WHAT YOU SHOULD DO: The lines wanted are those from the one containing "Società per gli" to the last line of the entries below; output them exactly, leaving out pictures.

LISTED RECORDS:
━━━━━━

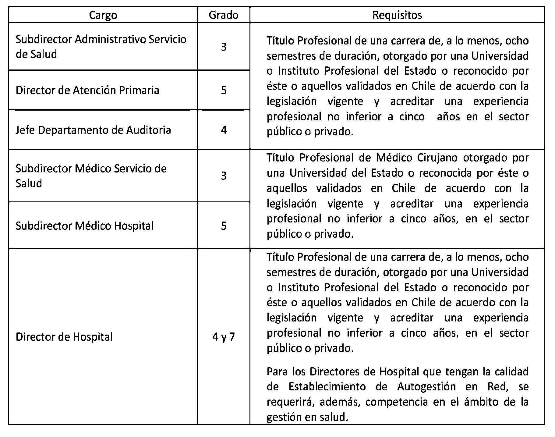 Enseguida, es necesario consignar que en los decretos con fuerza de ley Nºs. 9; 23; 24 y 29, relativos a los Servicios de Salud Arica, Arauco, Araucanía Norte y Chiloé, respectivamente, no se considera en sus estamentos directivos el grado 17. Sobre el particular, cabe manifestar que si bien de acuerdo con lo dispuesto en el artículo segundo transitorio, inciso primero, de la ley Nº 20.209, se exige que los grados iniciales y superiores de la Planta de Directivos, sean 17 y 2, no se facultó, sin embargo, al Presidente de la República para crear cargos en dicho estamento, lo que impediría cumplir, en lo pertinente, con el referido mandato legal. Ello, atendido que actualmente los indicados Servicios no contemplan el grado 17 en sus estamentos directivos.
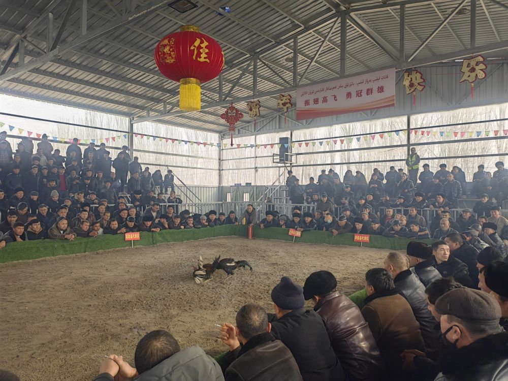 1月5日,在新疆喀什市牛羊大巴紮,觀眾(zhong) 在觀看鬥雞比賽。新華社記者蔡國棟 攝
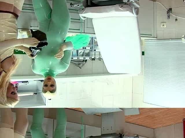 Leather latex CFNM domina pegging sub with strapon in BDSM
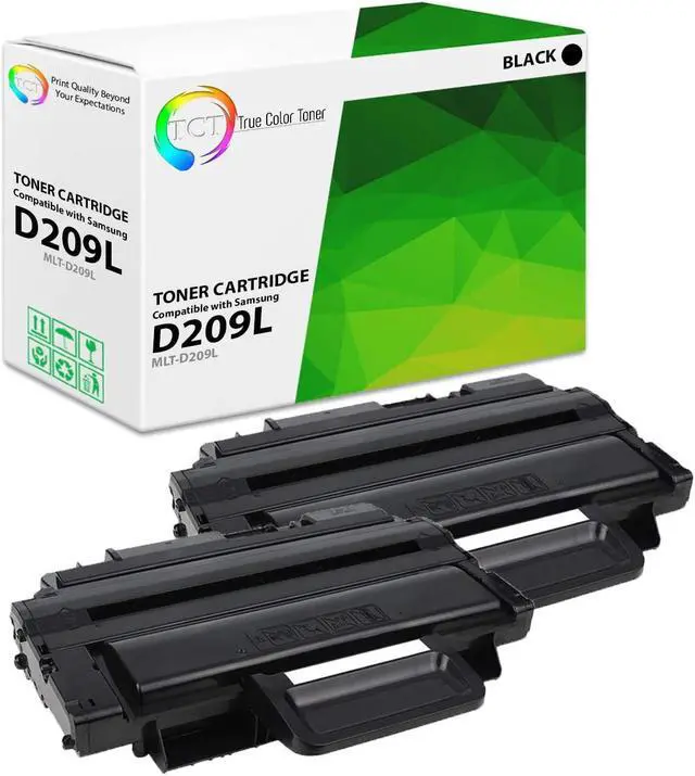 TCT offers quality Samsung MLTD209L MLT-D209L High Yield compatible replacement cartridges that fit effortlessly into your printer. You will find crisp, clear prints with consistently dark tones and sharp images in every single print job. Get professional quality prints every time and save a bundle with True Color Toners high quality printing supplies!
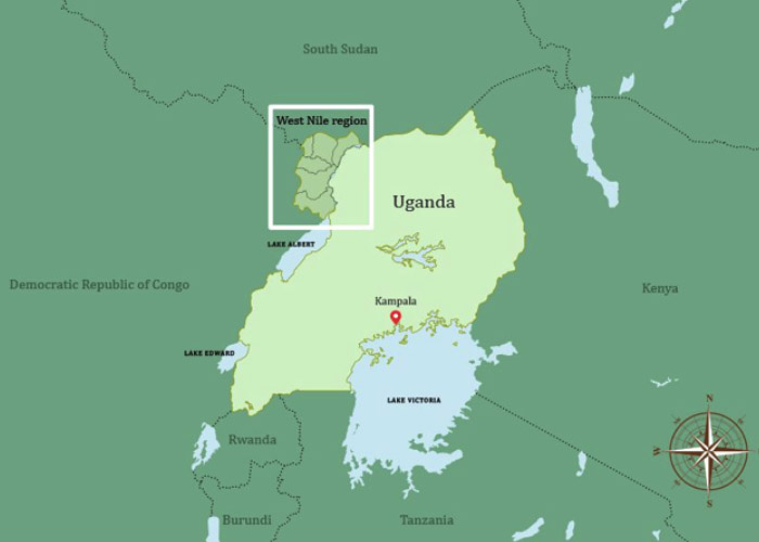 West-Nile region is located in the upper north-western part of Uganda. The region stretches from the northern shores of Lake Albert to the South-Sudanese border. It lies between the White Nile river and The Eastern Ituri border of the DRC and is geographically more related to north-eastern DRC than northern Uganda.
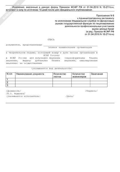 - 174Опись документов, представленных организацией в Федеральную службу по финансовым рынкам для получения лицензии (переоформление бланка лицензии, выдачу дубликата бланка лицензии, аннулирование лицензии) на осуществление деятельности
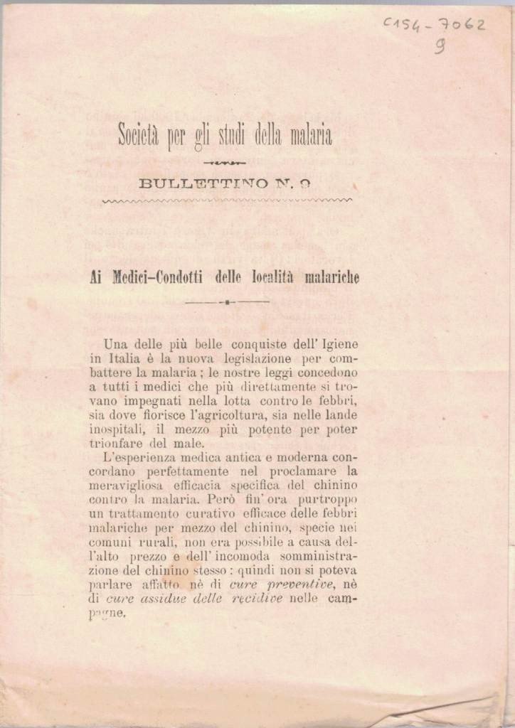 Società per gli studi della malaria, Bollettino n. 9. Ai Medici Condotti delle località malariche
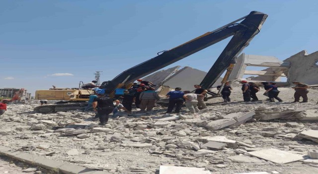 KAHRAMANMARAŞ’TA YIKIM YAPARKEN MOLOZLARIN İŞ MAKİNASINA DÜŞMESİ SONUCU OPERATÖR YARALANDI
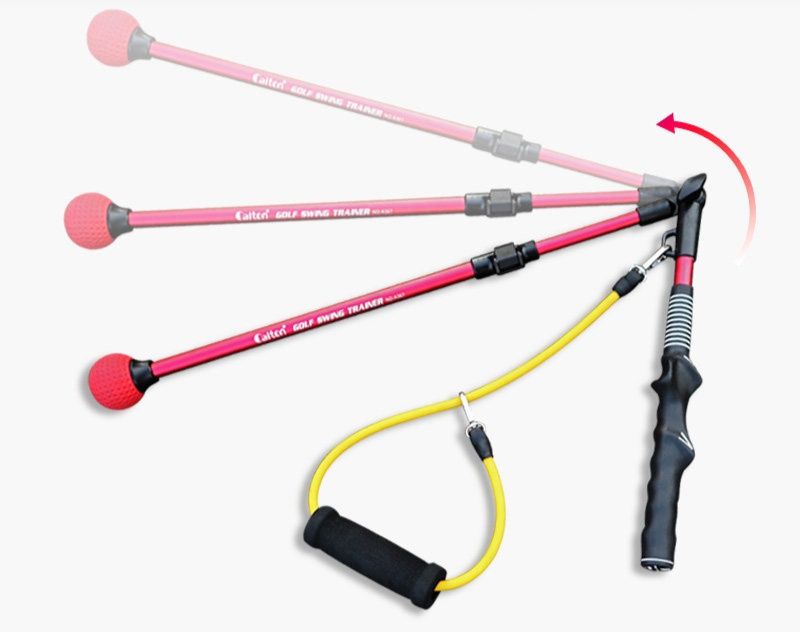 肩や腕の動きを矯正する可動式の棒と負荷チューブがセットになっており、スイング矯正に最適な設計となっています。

━━━━━━

EXPECTED ANSWER:
 Società per gli studi della malaria, Bollettino n. 9. Ai Medici Condotti delle località malariche
 KAHRAMANMARAŞ’TA YIKIM YAPARKEN MOLOZLARIN İŞ MAKİNASINA DÜŞMESİ SONUCU OPERATÖR YARALANDI
 肩や腕の動きを矯正する可動式の棒と負荷チューブがセットになっており、スイング矯正に最適な設計となっています。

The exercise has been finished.